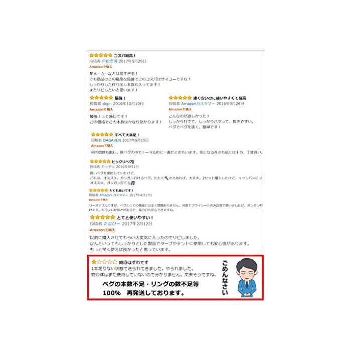 ★이 페그(말뚝)의 디자인은 브랜드품의 페그(말뚝)에 완전히 패해 있습니다만,기능으로는 꽤 뛰어나 있습니다. ①고강도의φ9mm호강에 만들어져 있으므로,부러짐거나 구부러지거나 하지 않습니다. ②딱딱한 지반,초땅의 사이트 라면20cm의 페그(말뚝)로 충분합니다.페그(말뚝)를 15cm정도 45~60°의 각도로 박아 넣으면 어른2명때문에 로프를 인# 장도 빠지는 것은 없습니다.(로프가 끊어집니다) ③이 페그(말뚝)는 조악하지만 조악함으로도 이유가 있ㅂ니다(화상을 보기 해 주시면 이해와 같이)3대로도 제치는 방법이 있습니다. 또한머리 부분이 게시한 부분을 좌우로 두드리면 로프를 연관시키는 위치도 수정에 옵니다.아무리 해도 빠져 없는 경우는 찔렀다혈을 크게 할 필요가 있지만 이 페그(말뚝)는 강렬하게 옆에서 세게 때림 으로 해도 꿈쩍도 하지 않습니다.
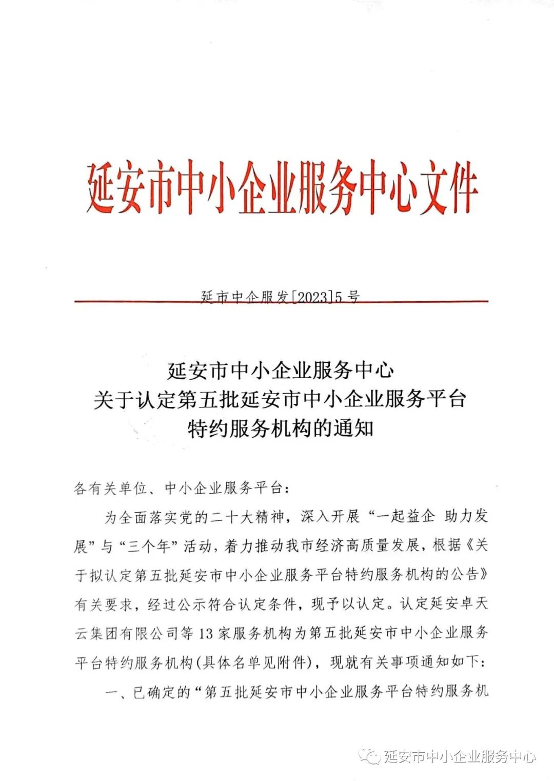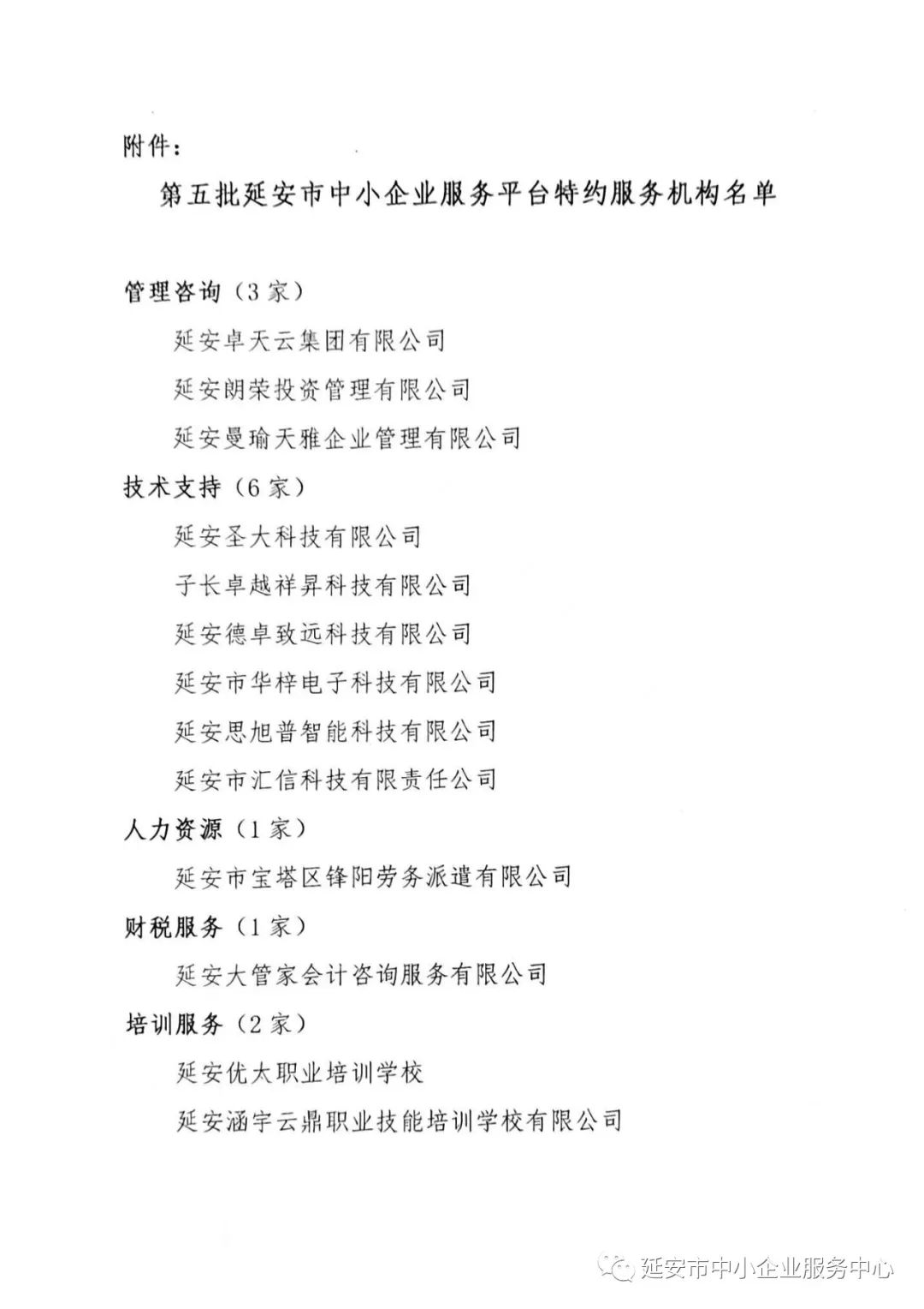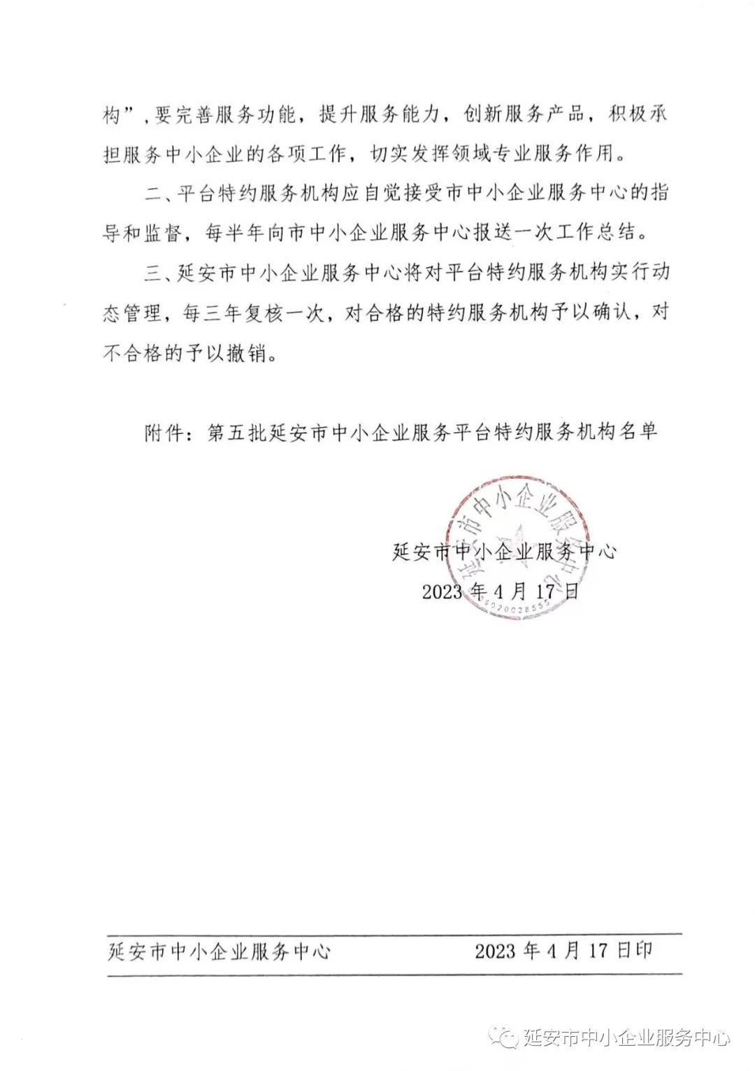 关于认定第五批延安市中小企业服务平台特约服务机构的通知
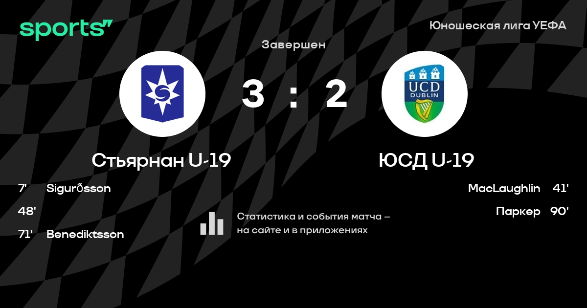 Стьярнан U-19 - ЮСД U-19: статистика матча
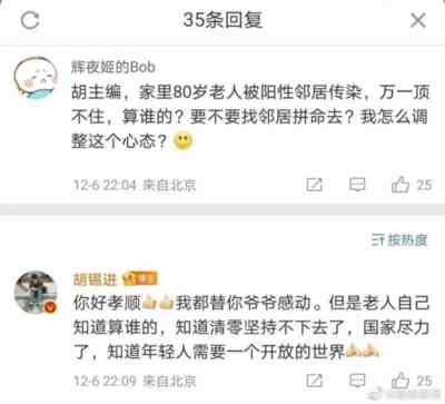 曾经有网友问老胡家里80岁的老人被阳性邻居传染,万一顶不住,该算谁的?老胡答曰,老人自己知道算谁的,知道年轻人需要一个开放的世界。
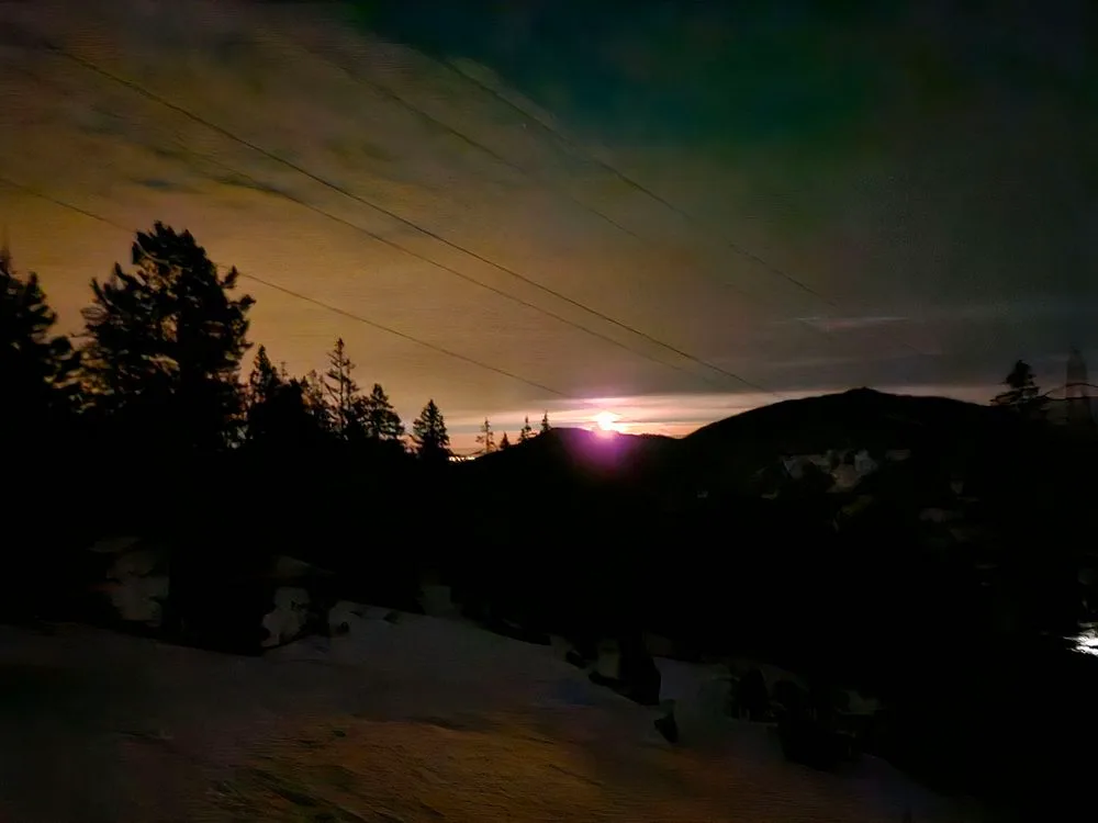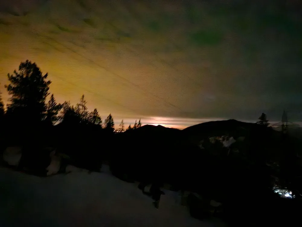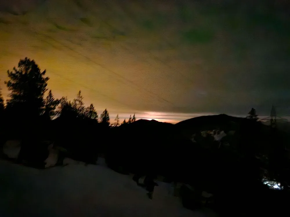 Schlussendlich kam die Erlösung und die Scheibe des Mondes erhellte die Schneelandschaft, womit auch Unebenheiten wieder zu erkennen waren.
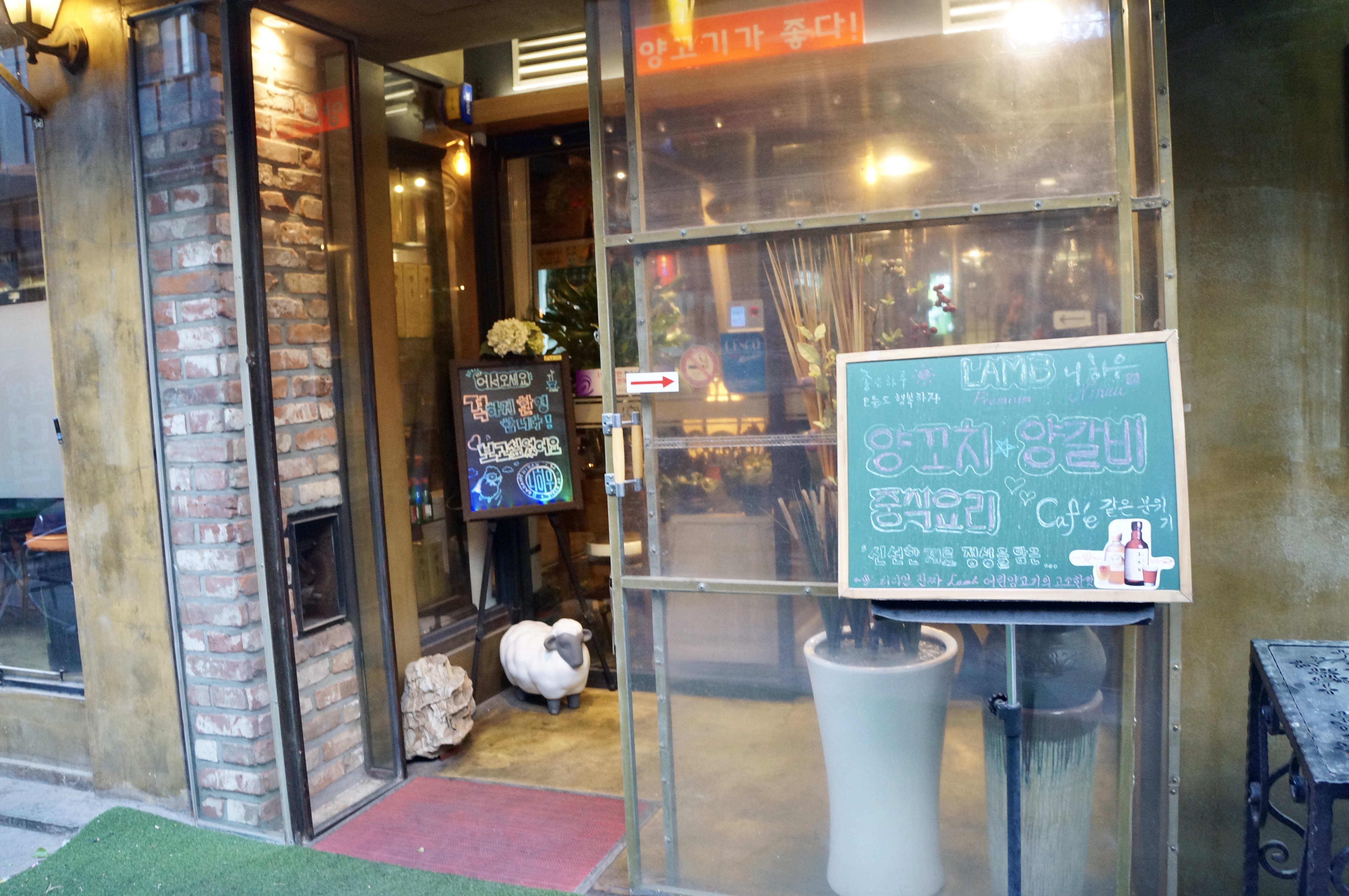 귀여운 양 한마리가 문앞에서 우리를 반겼다.
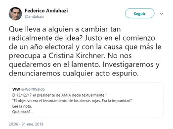En su cuenta de Twitter, el periodista Federico Andahazi se preguntó: "Qué lleva a alguien a cambiar tan radicalmente de idea? Justo en el comienzo de un año electoral y con la causa que más preocupa a Cristina Kirchner. No nos quedaremos en el lamento. Investigaremos y denunciaremos cualquier acto espurio".
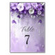 Hermoso número de mesa de flores púrpuras con perlas colgantes
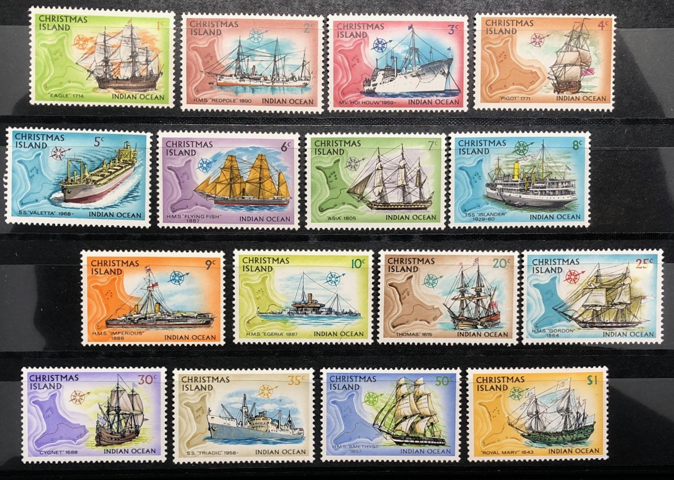 Ships and Map of Christmas Island, 1972-73. Complete set of 16.

========================================================================

WHAT IS REQUIRED: Could you write out again, exactly, the lines from the line containing "Hermoso número de" through the last line of the records above? Leave out the pictures.

SOLUTION FOR THIS EXERCISE:
 Hermoso número de mesa de flores púrpuras con perlas colgantes
 Ships and Map of Christmas Island, 1972-73. Complete set of 16.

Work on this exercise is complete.